Some members are afraid to voice their opinions, and many have left or stopped attending meetings or joining campaigns. Like most members, I joined Labour to try to make the world a better place. No-one joins to be abused for what they say, nor to be belittled or made to feel they don’t belong. But that has been some members’ experience over the last few years.
The Forde Report describes all this in no uncertain terms, agreeing with the earlier Kerslake Review into Labour’s organisational structure, which stated: “It is in the nature of a broad political party to have competing views and perspectives and this has always been the case for the party. What is different here is the way in which factionalism has become embedded in the way the party itself operates, creating distrust and division.”

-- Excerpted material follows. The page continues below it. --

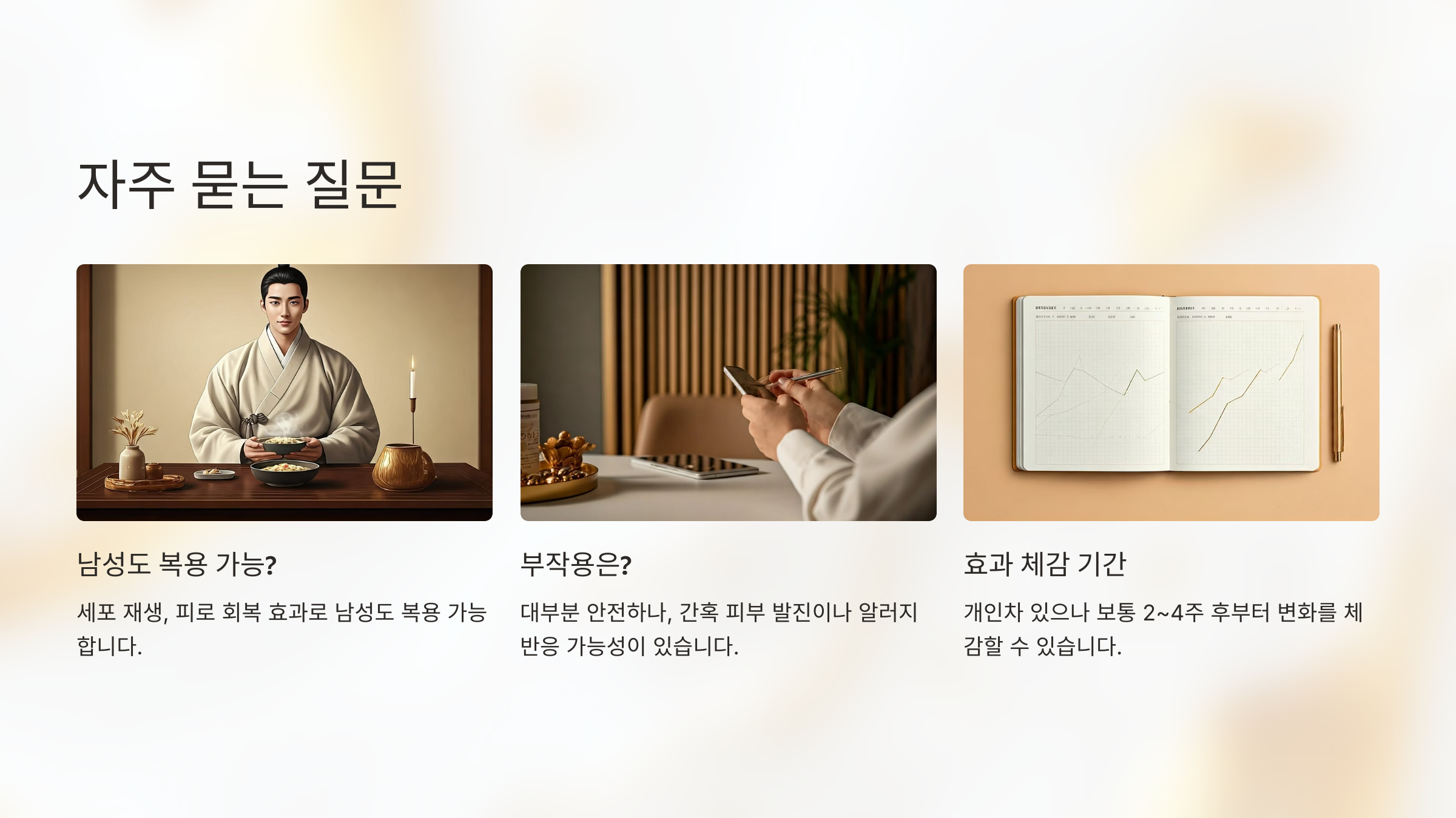 개인차가 있지만 보통 2~4주 정도 복용하면 수면 개선, 기력 회복 등의 변화를 체감할 수 있습니다.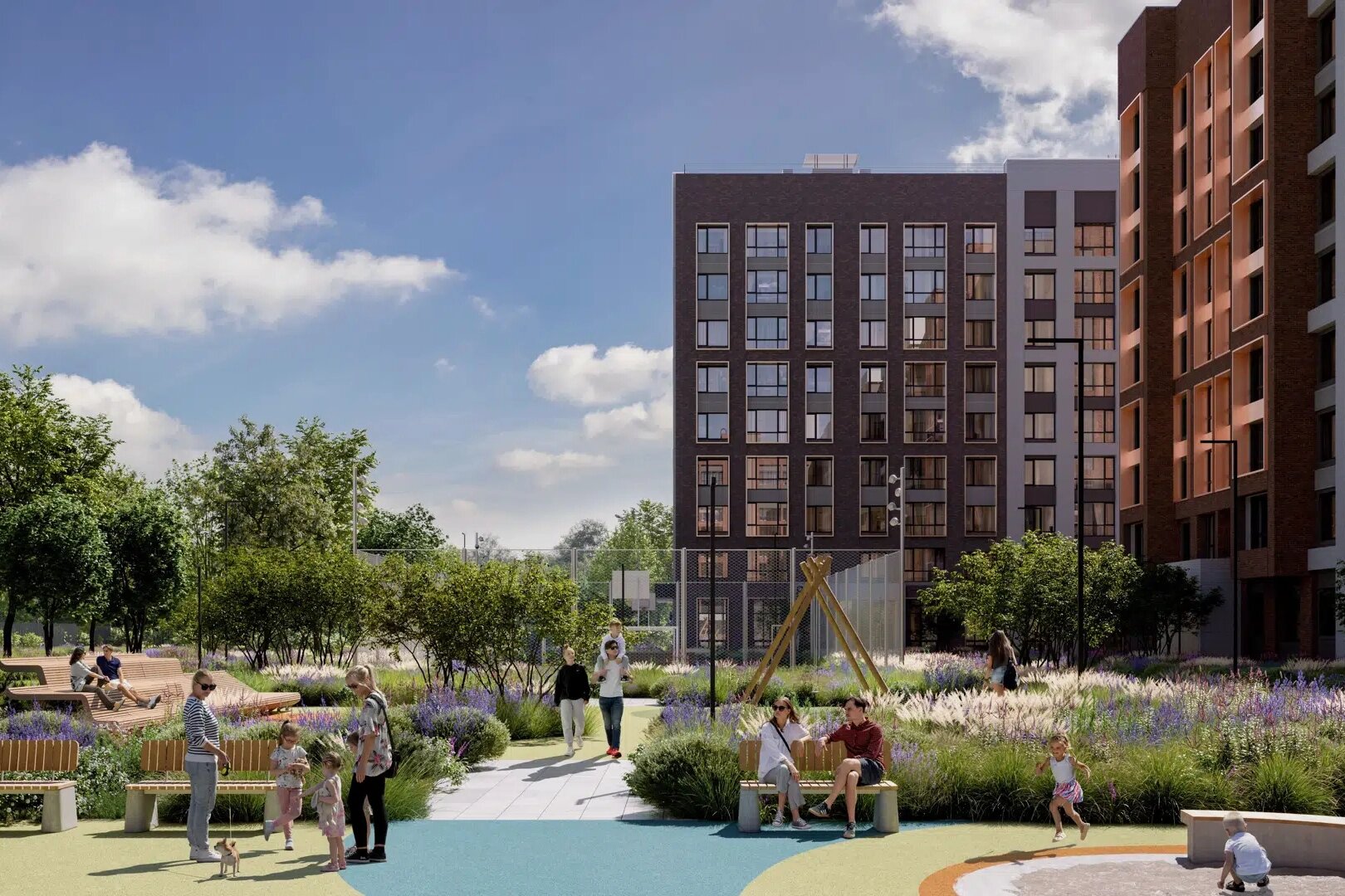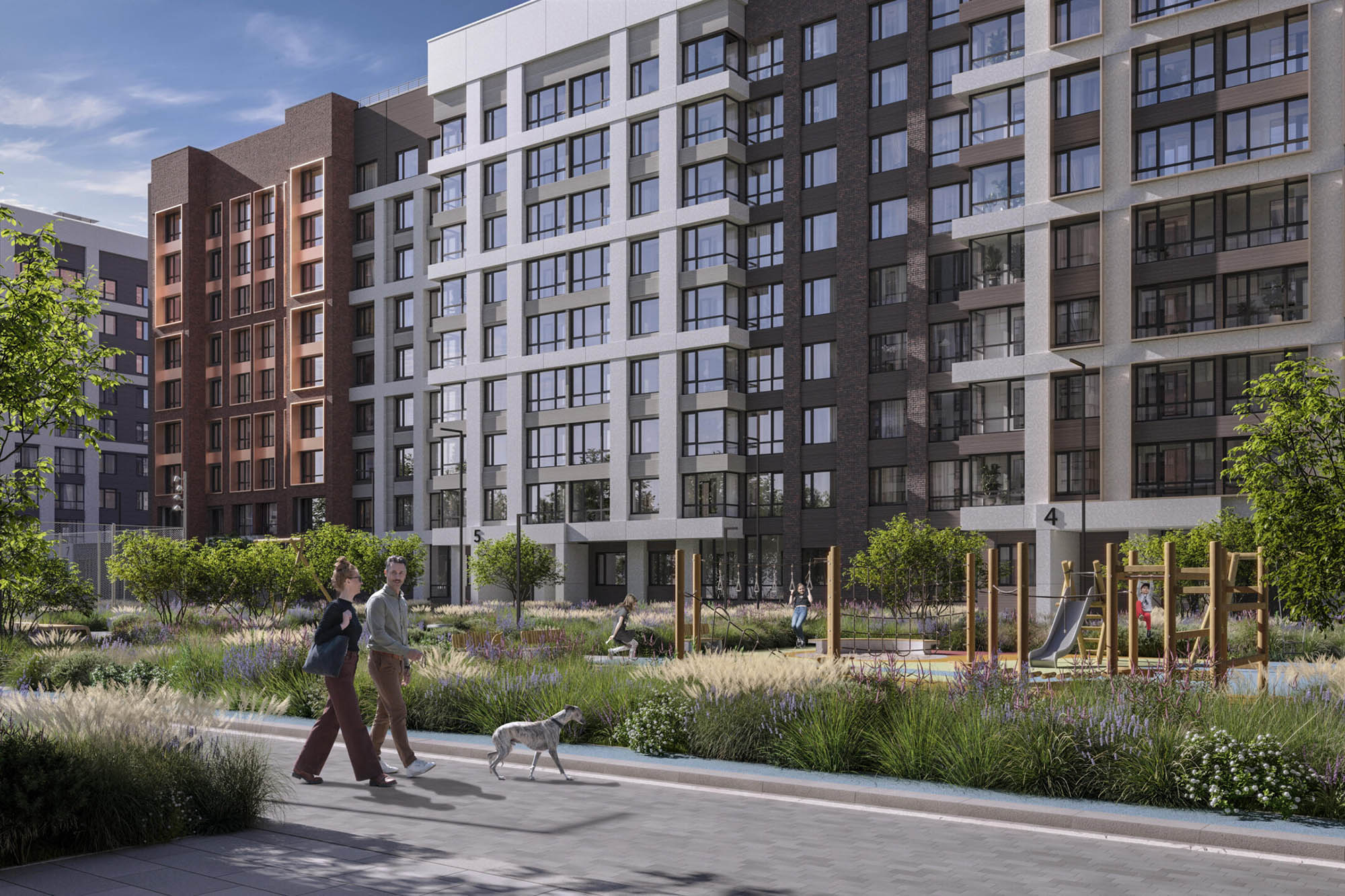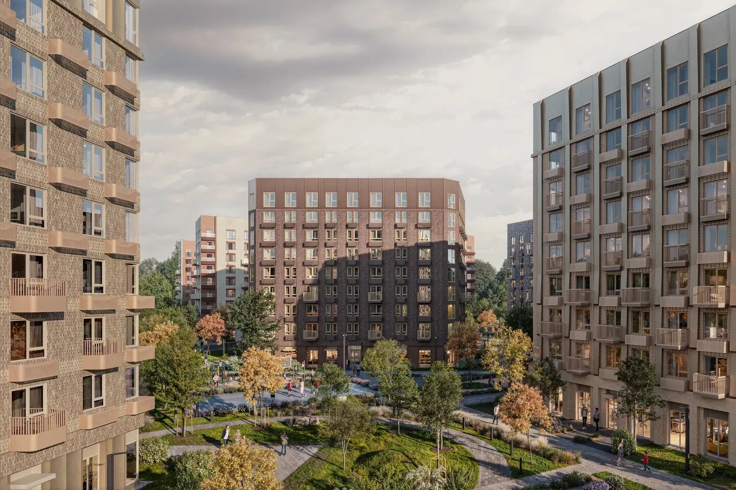 Комплекс состоит из шести жилых корпусов высотой 23-24 этажа, вмещающих 4,8 тыс. квартир. На первых этажах домов откроются магазины, аптеки, кафе и различные сервисы. Дворы будут закрыты от машин, там проведут озеленение и разместят спортивные и детские площадки. В подъездах предусмотрены колясочные и помещения для консьержей. В шаговой доступности расположены школы, детские сады, поликлиники.

Damningly, Forde goes on to say: “We found little evidence of mutual respect and a great deal of evidence of factionalism, so deep rooted that the party has found itself dysfunctional. It has been spending more time occupied by factional differences, than working collaboratively to demonstrate that the party is an effective opposition…
“Whilst we recognise and applaud many aspects of the party’s recent reforms of disciplinary procedures, we do have concerns that there appear to be no published procedures governing the use of administrative suspensions and that these appear to be operating without clear criteria for their use being widely available. We are also concerned that the provisions which allow for individuals to have membership removed or denied on the grounds they have committed prohibited acts could be exploited for factional purposes.”
One of the report’s recommendations is that the party should provide training for members to develop deep listening and reflection skills so they can engage fully with those who have different views. Many of the recommendations have been accepted by the party leadership and some should have been put into action, according to Labour’s website, including the work on listening and training in CLPs.
Perhaps these recommendations could give us a lever to fight back against the party’s undemocratic culture. Is your constituency party implementing the recommendations? Does it know about them? Why don’t we find out?
If Labour’s broad church is to have a future, members will have to listen to each other and allow for differences. And the party will have to give them space to discuss ideas in a tolerant atmosphere.
No-one has all the answers about how to change our society for the better, but if we work in co-operative ways and listen, value and respect each other we will at least have a chance. There will be disagreements, of course, but all of us in the Labour Party need to respect each others’ right to be part of the process.
Neil Rhodes is a former general secretary of the ILP, a Labour Party organiser and more recently a steward and convenor in UNISON.
This is a revised an edited version of Neil’s speech at the ILP’s Labour conference fringe meeting on 10 October entitled ‘Does Labour’s broad church have a future?’.